ゆで卵? 牛丼? ハンバーグ? 寒い時期ですからお鍋でしょうか。
今回は食事を通して、生命と地球と宇宙の繋がりについてお話ししたいと思います。

私たちは毎日ご飯を食べます。食べない日もあるかもしれませんが、一カ月間何も口にしなければ死んでしまうように体ができています。
人間が一生を終えるまでに摂取する食料の量は50,000kg、そして水分の量は60,000kgと言われています。合計して110,000kg、つまり110tもの物質が体を通過しているのです。
ちなみにとても大きな旅客機の総重量が110tです。わずか60kg程度の人間が生涯飲み食いする量が旅客機1台分と同じと考えると、驚異的ではありませんか?
私たち生物は、体の外から物質を取り入れ、新たな組織を作り、古いものを廃棄し、外の物質とうちの物質を交換し続けることで、体を維持しています。普段の生活をしていると意識することはありませんが、私たちの体を構成する物質はわずか数年ですべて入れ替わってしまいます。これはとても不思議なことです。
自分は自分だと信じて毎日学校に行き、会社に行き、仲間たちと行動していますが、自分が自分だと、そして仲間があなただと認めているだけで、体を作る物質は全く別の物に入れ替わっているのですから。
体を作る細胞は時間が経つと劣化して死んでいくので、大量の物質を取り入れることで、体の外に出していきます。垢だったり、排泄物だったり、吐息の中の水分など色々な形になって体から離れて外の世界に戻ります。

今、世界には70億人が住んでいるそうです。仮にそれぞれが110tもの排泄物を出していたら、地球は排泄物の星になってしまうのではないかと心配になるかもしれません。
しかし、生物が出したものは別の生物の養分になり、分解され、その生物が死んだり食べられたりすることで再び自らの元に戻ってきます。このように、生命は地球と自然と切り離すことのできない密着な関係にあります。
実は私たちは死ぬまで、そして死んでからも、地球とつながっているのです。死んでからのことは目に見えないので、何とも想像しにくいことです。しかし、これは宗教的な話でもなく、オカルトの話でもありません。科学のお話なのです。

仮に私が死んだとしましょう。日本では火葬することが多いので、私も火葬されたとしましょう。
人ひとりの体を焼却することで放出される原子の数は、1兆の1兆倍以上の数です。そして放出される分子は主に二酸化炭素や水蒸気、二酸化窒素です。これらは地球の大気中に放出され、拡散されて地球を巡ります。
これらが地球全体にまんべんなく散りばめられたとしたら、朝飲むコップ1杯の水のうち、約240万個は私の出身の水分子ということになります。この約240万個というのは特定のコップ1杯だけではなく、世界中のコップ1杯にまんべんなく約240万個なのです。
コップの水だけではありません。

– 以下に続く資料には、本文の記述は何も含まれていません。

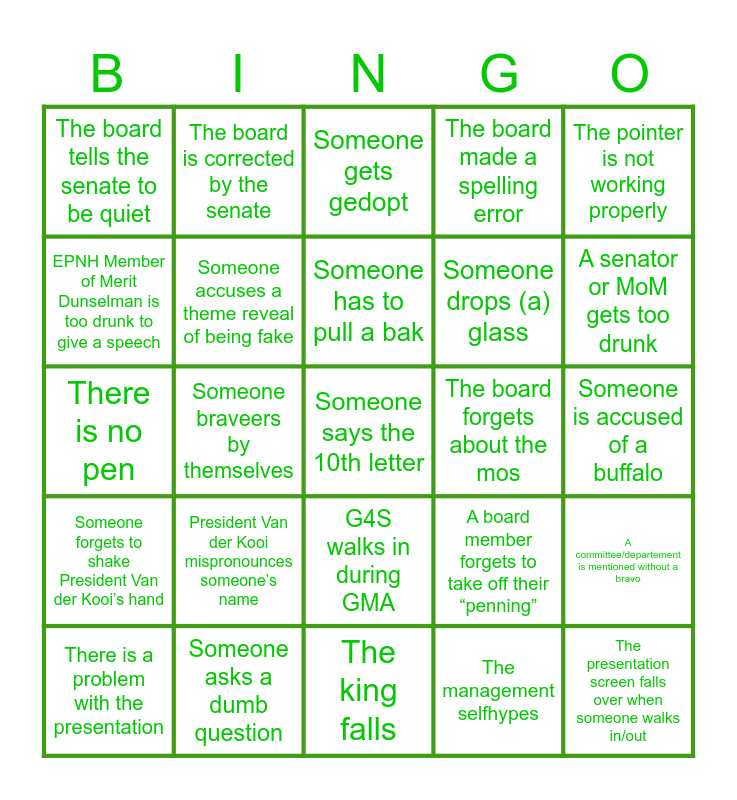 This bingo card has 29 words: There is a problem with the presentation, A department is misnamed as a committee, Someone braveers by themselves, The presentation screen falls over when someone walks in/out, The board tells the senate to be quiet, Someone gets gedopt, Someone accuses a theme reveal of being fake, President Van der Kooi mispronounces someone’s name, The board forgets about the mos, Someone asks a dumb question, Someone is accused of a buffalo, Someone says the 10th letter, The king falls, The management selfhypes, A senator or MoM gets too drunk, Someone is hit in the head with a chocolate coin, G4S walks in during GMA, Someone forgets to shake President Van der Kooi’s hand, The pointer is not working properly, There is no pen, A board member forgets to take off their “penning”, Someone calls a false bingo, Someone drops (a) glass, EPNH Member of Merit Dunselman is too drunk to give a speech, The board made a spelling error, The board is corrected by the senate, A committee/departement is mentioned without a bravo, Someone has to pull a bak and MoM Kok tells a joke.
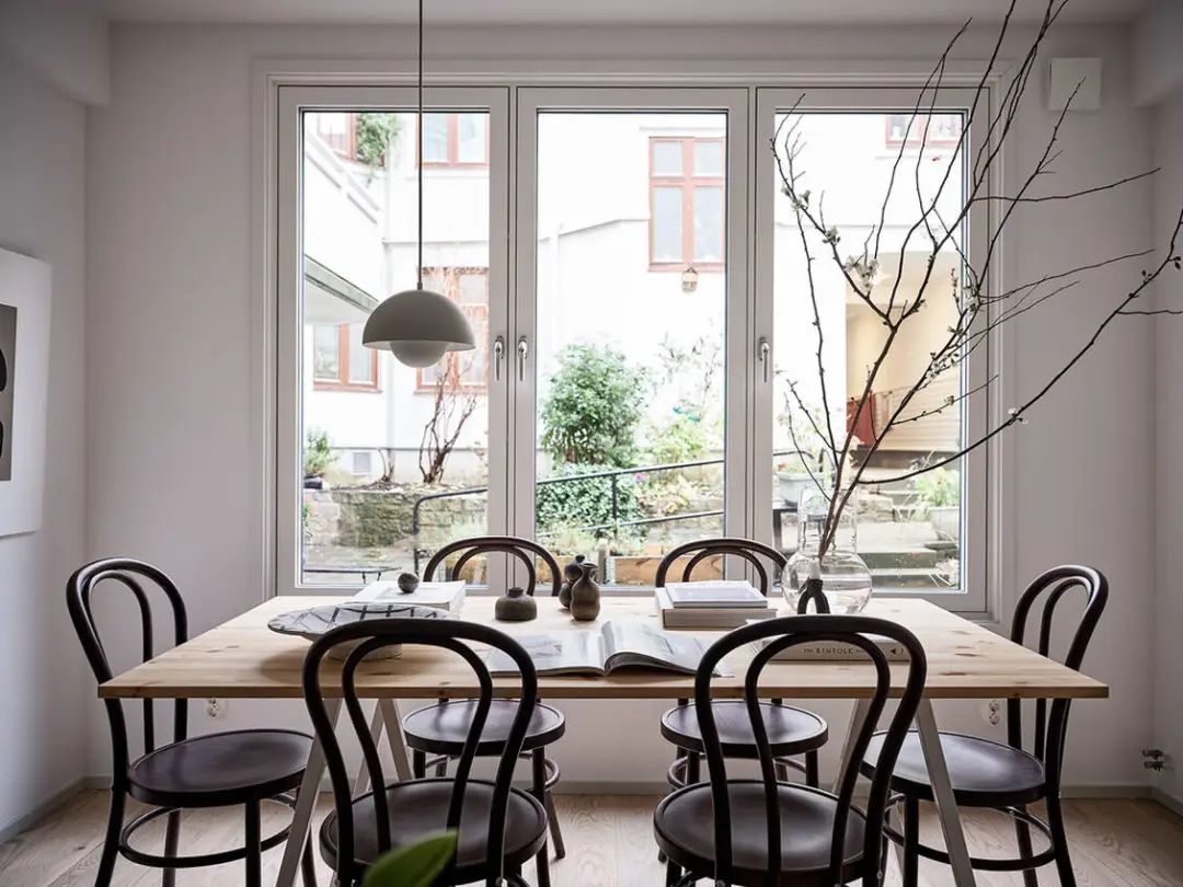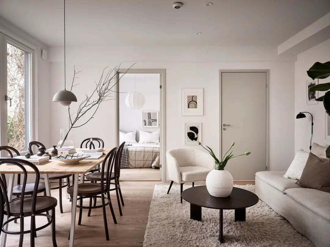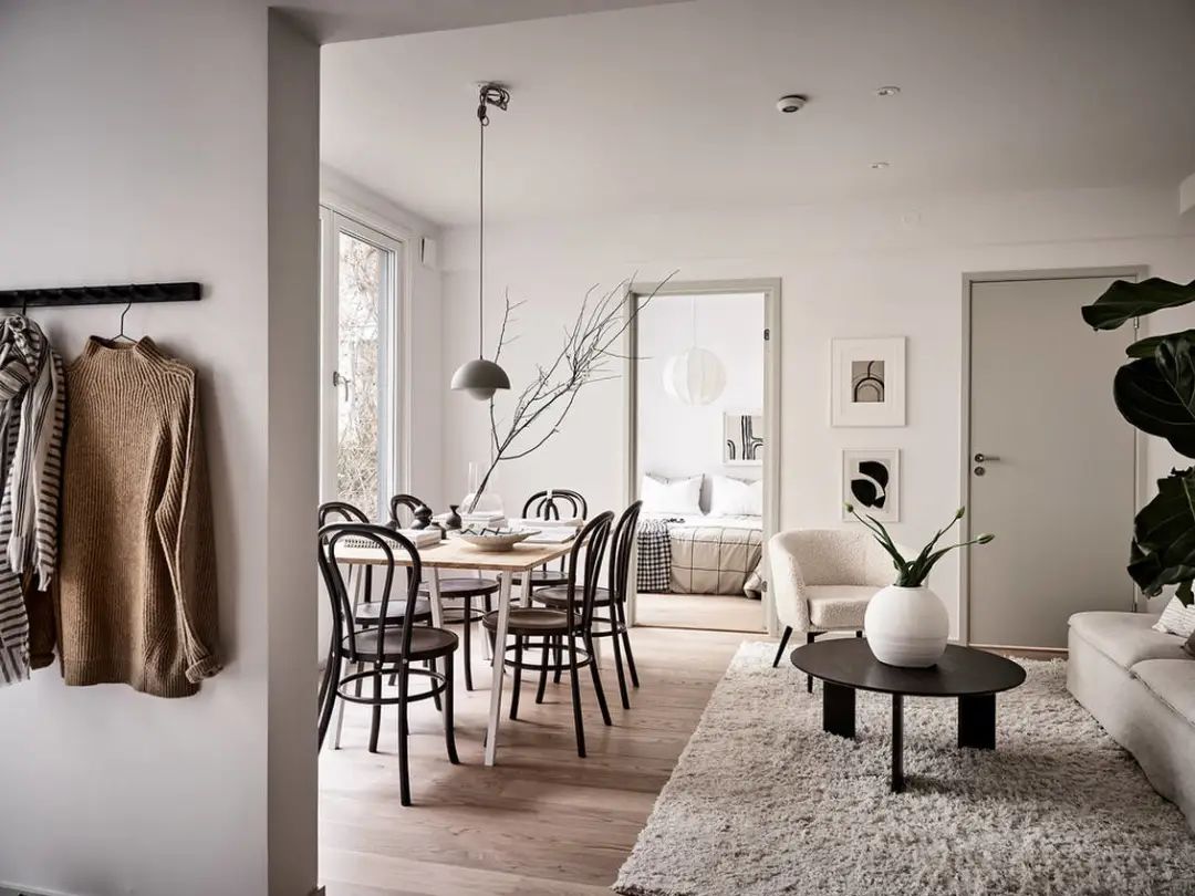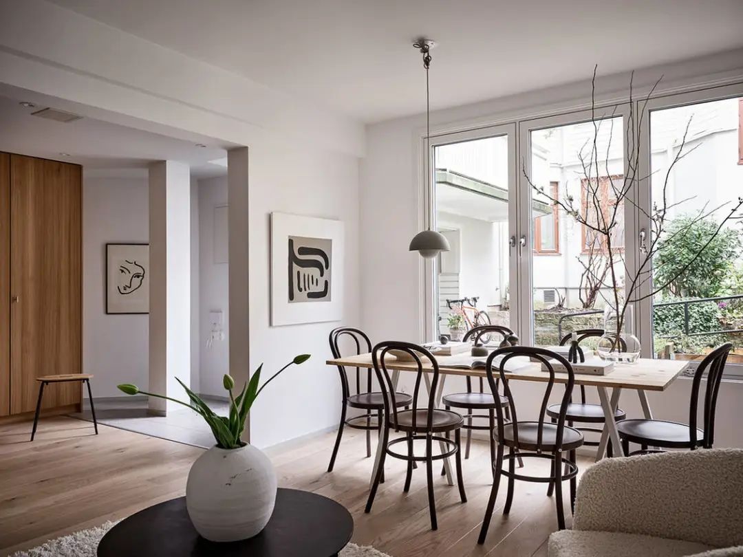 今天分享的案例位于瑞典马约纳市。这座公寓在一层,外边有一处空地用于日常休憩;同时,2021 年才完成装修的缘故,整个空间看上去特别新。

世界中どこの海の水をすくっても、池や沼の水をすくっても、約240万個の私出身の水分子があります。
もちろん、水分子を作る水素原子や酸素原子は世界中どこにあっても違いはありませんし目じるしをつけることもできませんから、適当に検査した原子が、私出身かもしくは別の人出身かの区別をつけることはできません。そして水分子はどんな由来があろうとも、性質になんの違いもありません。ですから、誰出身の原子だろうと、水分子に変わりはないのです。
一例として水分子だけに注目しましたが、体を構成するほかの原子も、水分子と同じく自然界に拡散して溶け込んでいきます。二酸化炭素になった原子は植物や海洋に吸収され、食物や藻類になり、酸素に変換されて、生物の代謝に利用されることでしょう。その他の元素も同様です。

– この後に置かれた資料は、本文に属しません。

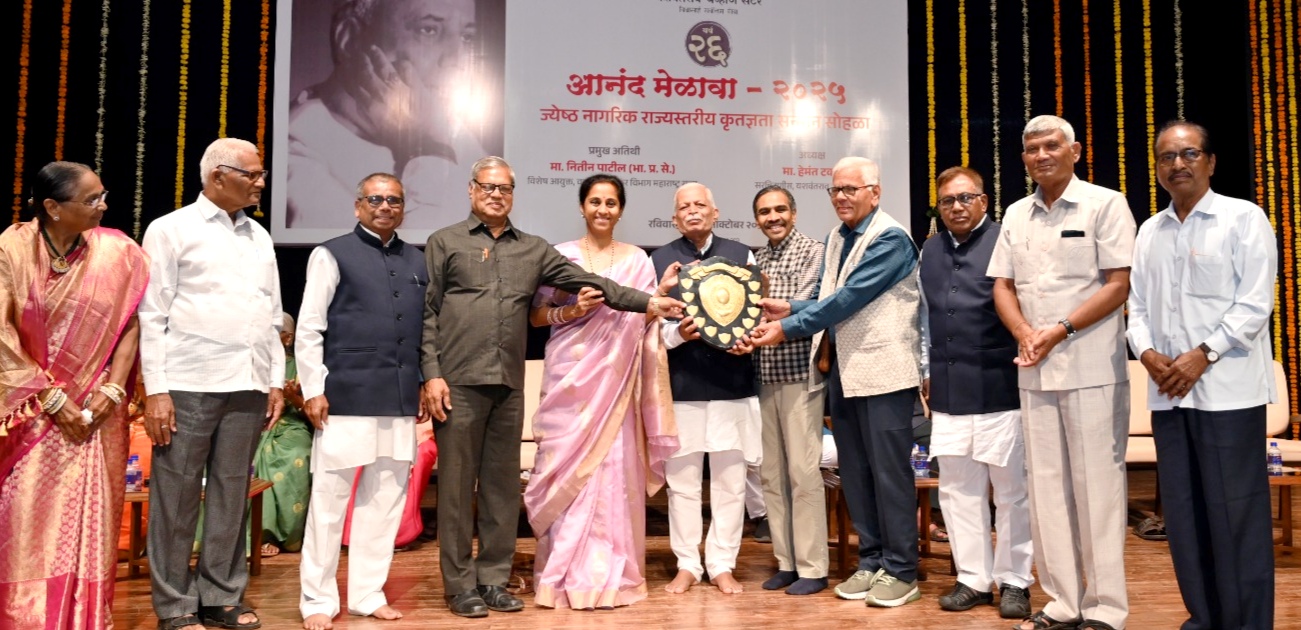 मुंबई : यशवंतराव चव्हाण सेंटर, मुंबई यांच्या वतीने राज्यस्तरीय “ज्येष्ठ नागरिक कृतज्ञता सन्मान पुरस्कार वितरण सोहळा” मोठ्या उत्साहात पार पडला. या कार्यक्रमाला प्रमुख पाहुणे म्हणून माननीय नितीन पाटील (विशेष आयुक्त, वस्तू व सेवा कर विभाग, महाराष्ट्र) तसेच यशवंतराव चव्हाण सेंटरच्या कार्याध्यक्षा आणि खासदार सुप्रिया सुळे उपस्थित होत्या.
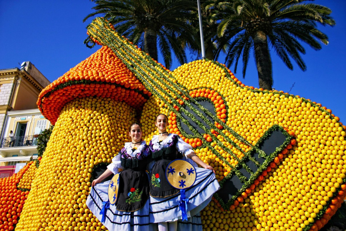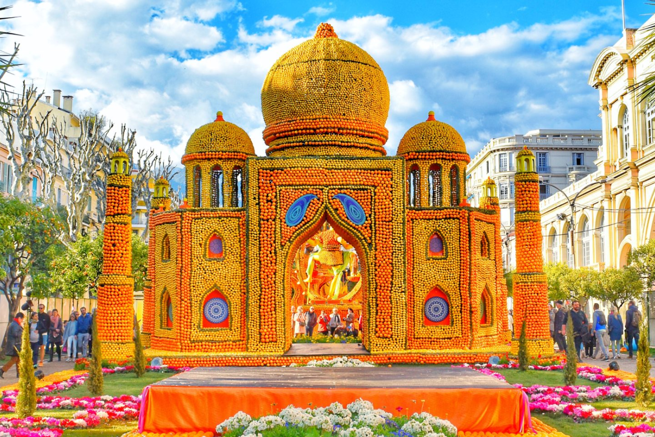 Menton, thành phố nhỏ nằm giữa Pháp và Ý, nổi tiếng với lễ hội ở Pháp đặc sắc mang tên Fête du Citron – Lễ hội Cánh Hoa. Mỗi năm, vào tháng Hai, hàng tấn chanh và cam được dùng để tạo nên những tác phẩm nghệ thuật khổng lồ: cung điện, tượng thần, xe hoa diễu hành… tất cả đều rực rỡ sắc vàng.

生きていても死んでいても、私たちを形作る原子は地球中を回り続けています。この循環は今日までずっと行われてきました。
コップ1杯の水の中には、数億年前に死に絶えた、とある1匹の恐竜が飲んでいた水に含まれていた原子が、何千万個も含まれています。コップ1杯の水の中には、1匹のマンモスの体から放出された原子も、縄文人や私たちの先祖の体だったものも数千万個含まれているのです。
それら原子は再び私たちの体になったり、稲になったり、鳥になったり、雲になったりして地球の中を循環し続けています。これまで数十億年、そして、これから数十億年、そして地球が消滅するまで地球上をずっと循環します。

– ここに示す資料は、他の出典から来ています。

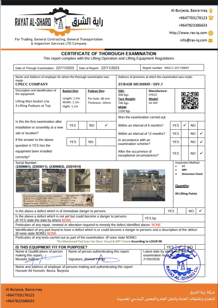 LIFTING INSPECTION
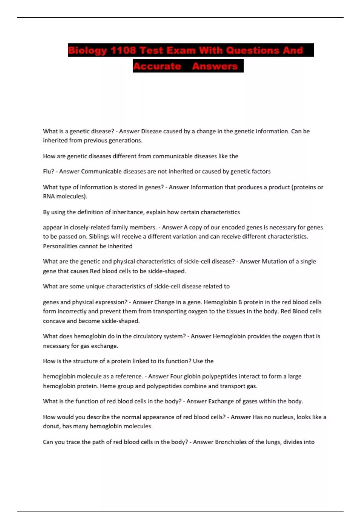 Biology 1108 Test Exam With Questions And Accurate Answers ...
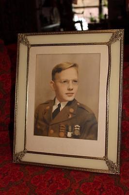 Vintage 1940s Art Deco Ornate Metal Picture Frame Colorized Picture Soldier
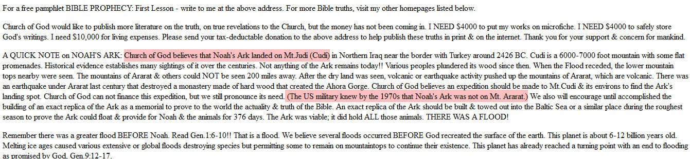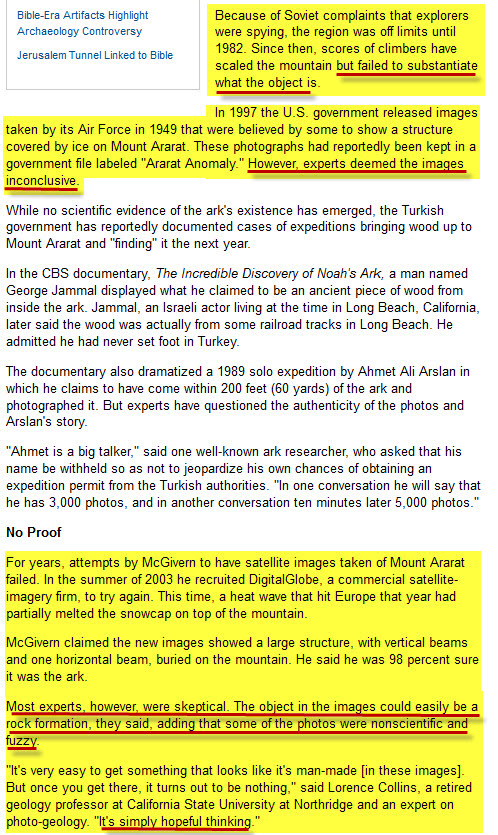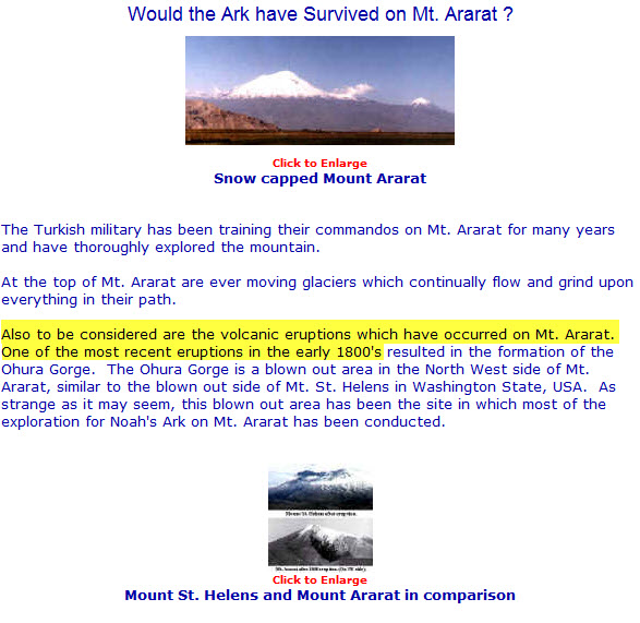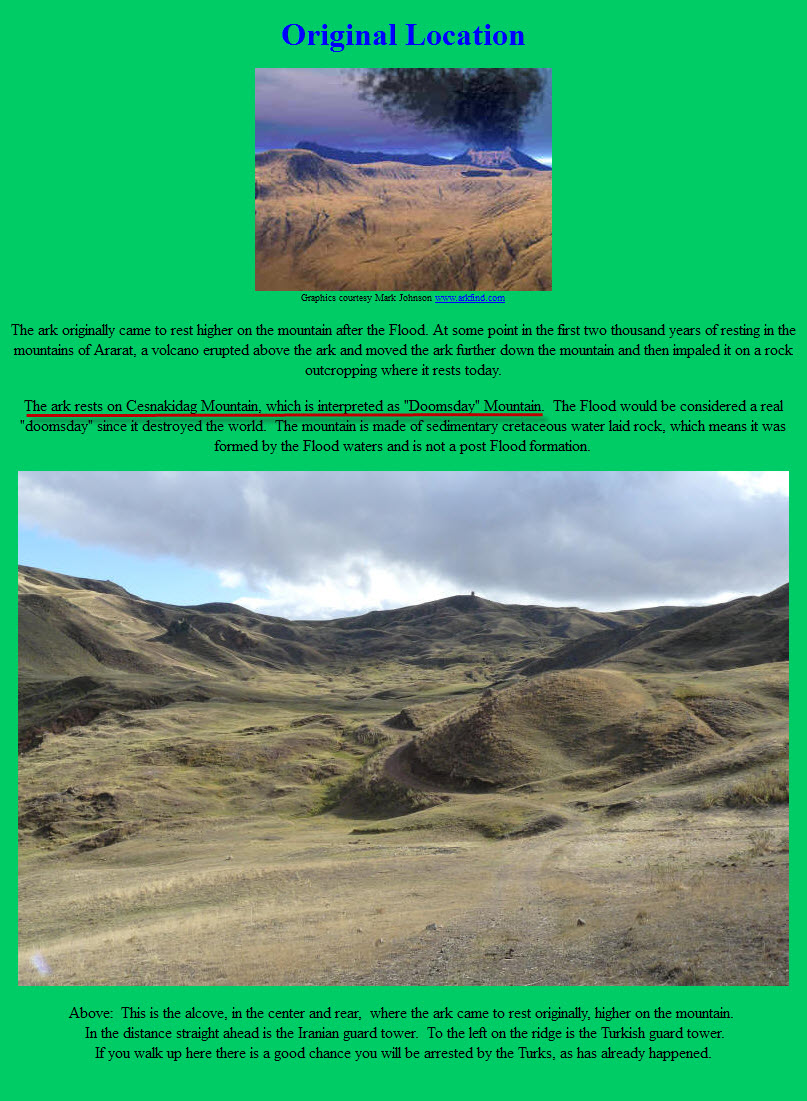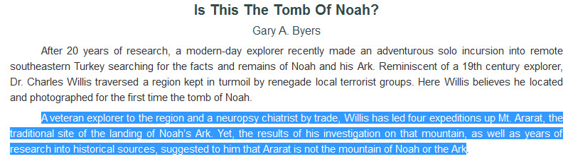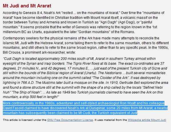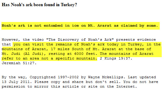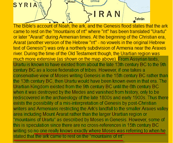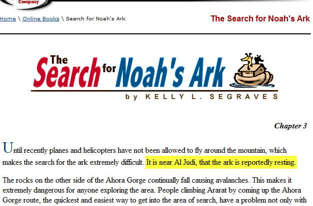 طبعاً هذا الموقع يتضح حتى من اسمه أنه يحاول إثبات صحة ما جاء في الكتاب المقدس بخصوص المكان الذي استوت عليه سفينة نوح فقال أن السفينة رست على قاعدة جبل الجودي الذي هو جبل من جبال أرارط ! ..... و قد اثبتنا في المشاركة السابقة أن جبل الجودي ليس من جبال أرارط :p012: .

私たちは自分自身で自分と外の世界を分けていますが、物質の循環の視点から見てみると、外の世界と自分自身は連続していて、繫がっています。
生命はちょうど川に似ています。誰が見ても隅田川は隅田川ですが、昨日流れていた水と今日の水は異なります。川も生命も、地球上をめぐる物質が流れているという意味でそっくりなのです。
生命は存在することそのものが地球の一部なのです。そして、それを構成するすべては過去と未来に繫がり、受け継がれ続けます。生命そして宇宙の本質はもしかすると、この”繫がり”なのかもしれません。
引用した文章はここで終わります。